■ **Aim of the exercise**
Output the entries as they appear, skipping images.

BEGIN Source information

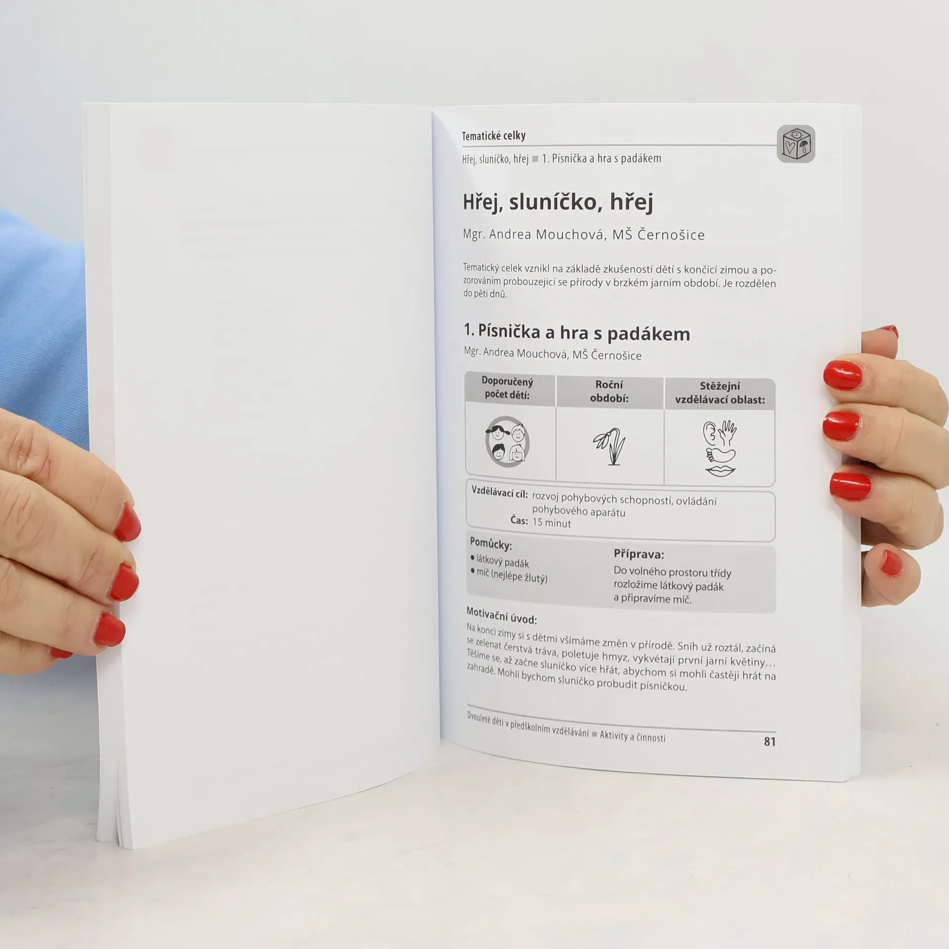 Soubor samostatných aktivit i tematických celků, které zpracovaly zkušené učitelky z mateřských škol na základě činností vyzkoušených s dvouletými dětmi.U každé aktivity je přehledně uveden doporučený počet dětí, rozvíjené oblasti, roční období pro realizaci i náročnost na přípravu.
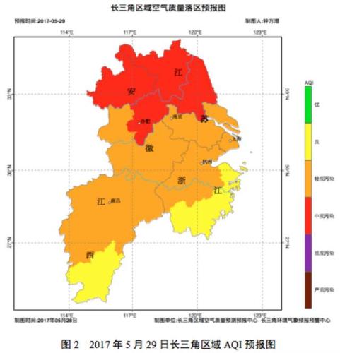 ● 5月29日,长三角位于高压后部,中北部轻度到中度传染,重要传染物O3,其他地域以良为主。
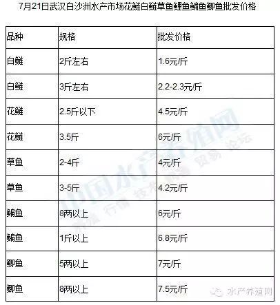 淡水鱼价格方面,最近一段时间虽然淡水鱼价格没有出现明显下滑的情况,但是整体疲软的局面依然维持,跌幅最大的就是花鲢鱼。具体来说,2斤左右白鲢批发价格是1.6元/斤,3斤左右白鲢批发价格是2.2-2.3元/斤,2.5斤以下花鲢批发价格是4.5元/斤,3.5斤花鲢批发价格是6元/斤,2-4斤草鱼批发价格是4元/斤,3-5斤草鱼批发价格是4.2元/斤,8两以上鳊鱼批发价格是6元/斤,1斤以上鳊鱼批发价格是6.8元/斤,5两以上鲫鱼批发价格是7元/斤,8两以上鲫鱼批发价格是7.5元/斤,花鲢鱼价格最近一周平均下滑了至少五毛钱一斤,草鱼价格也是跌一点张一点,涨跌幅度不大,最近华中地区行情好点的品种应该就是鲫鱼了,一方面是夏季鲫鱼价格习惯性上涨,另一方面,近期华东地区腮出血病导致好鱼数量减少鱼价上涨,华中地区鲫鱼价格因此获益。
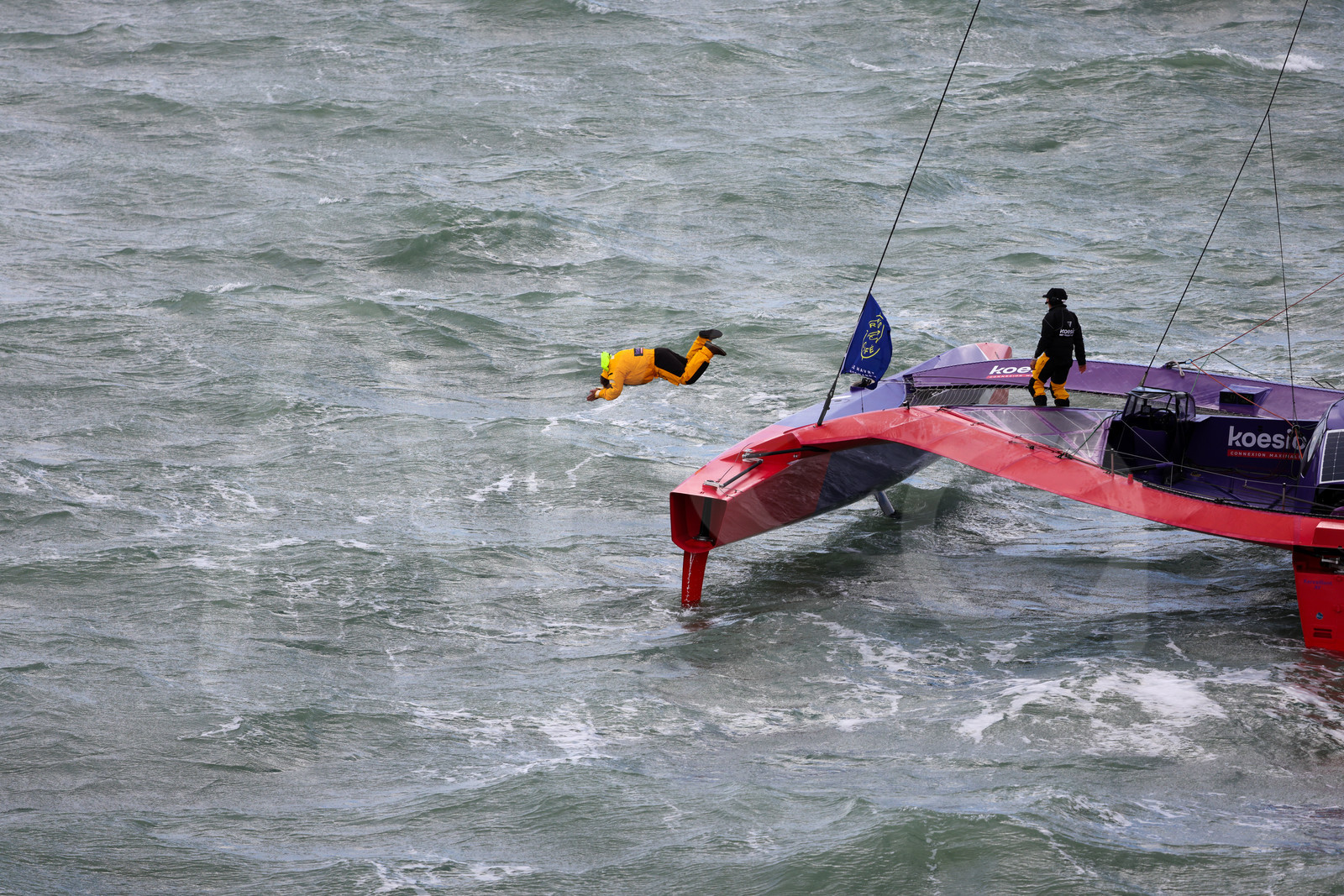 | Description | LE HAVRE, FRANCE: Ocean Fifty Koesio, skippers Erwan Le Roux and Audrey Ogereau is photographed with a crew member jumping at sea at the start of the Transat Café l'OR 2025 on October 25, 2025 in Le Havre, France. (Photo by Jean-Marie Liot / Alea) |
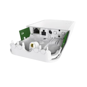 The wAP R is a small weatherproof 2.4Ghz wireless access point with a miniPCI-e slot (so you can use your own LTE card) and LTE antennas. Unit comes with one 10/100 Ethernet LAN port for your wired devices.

END Source information

■ **Solution to this task**
 Soubor samostatných aktivit i tematických celků, které zpracovaly zkušené učitelky z mateřských škol na základě činností vyzkoušených s dvouletými dětmi.U každé aktivity je přehledně uveden doporučený počet dětí, rozvíjené oblasti, roční období pro realizaci i náročnost na přípravu.
 ● 5月29日,长三角位于高压后部,中北部轻度到中度传染,重要传染物O3,其他地域以良为主。
 淡水鱼价格方面,最近一段时间虽然淡水鱼价格没有出现明显下滑的情况,但是整体疲软的局面依然维持,跌幅最大的就是花鲢鱼。具体来说,2斤左右白鲢批发价格是1.6元/斤,3斤左右白鲢批发价格是2.2-2.3元/斤,2.5斤以下花鲢批发价格是4.5元/斤,3.5斤花鲢批发价格是6元/斤,2-4斤草鱼批发价格是4元/斤,3-5斤草鱼批发价格是4.2元/斤,8两以上鳊鱼批发价格是6元/斤,1斤以上鳊鱼批发价格是6.8元/斤,5两以上鲫鱼批发价格是7元/斤,8两以上鲫鱼批发价格是7.5元/斤,花鲢鱼价格最近一周平均下滑了至少五毛钱一斤,草鱼价格也是跌一点张一点,涨跌幅度不大,最近华中地区行情好点的品种应该就是鲫鱼了,一方面是夏季鲫鱼价格习惯性上涨,另一方面,近期华东地区腮出血病导致好鱼数量减少鱼价上涨,华中地区鲫鱼价格因此获益。
 | Description | LE HAVRE, FRANCE: Ocean Fifty Koesio, skippers Erwan Le Roux and Audrey Ogereau is photographed with a crew member jumping at sea at the start of the Transat Café l'OR 2025 on October 25, 2025 in Le Havre, France. (Photo by Jean-Marie Liot / Alea) |
 The wAP R is a small weatherproof 2.4Ghz wireless access point with a miniPCI-e slot (so you can use your own LTE card) and LTE antennas. Unit comes with one 10/100 Ethernet LAN port for your wired devices.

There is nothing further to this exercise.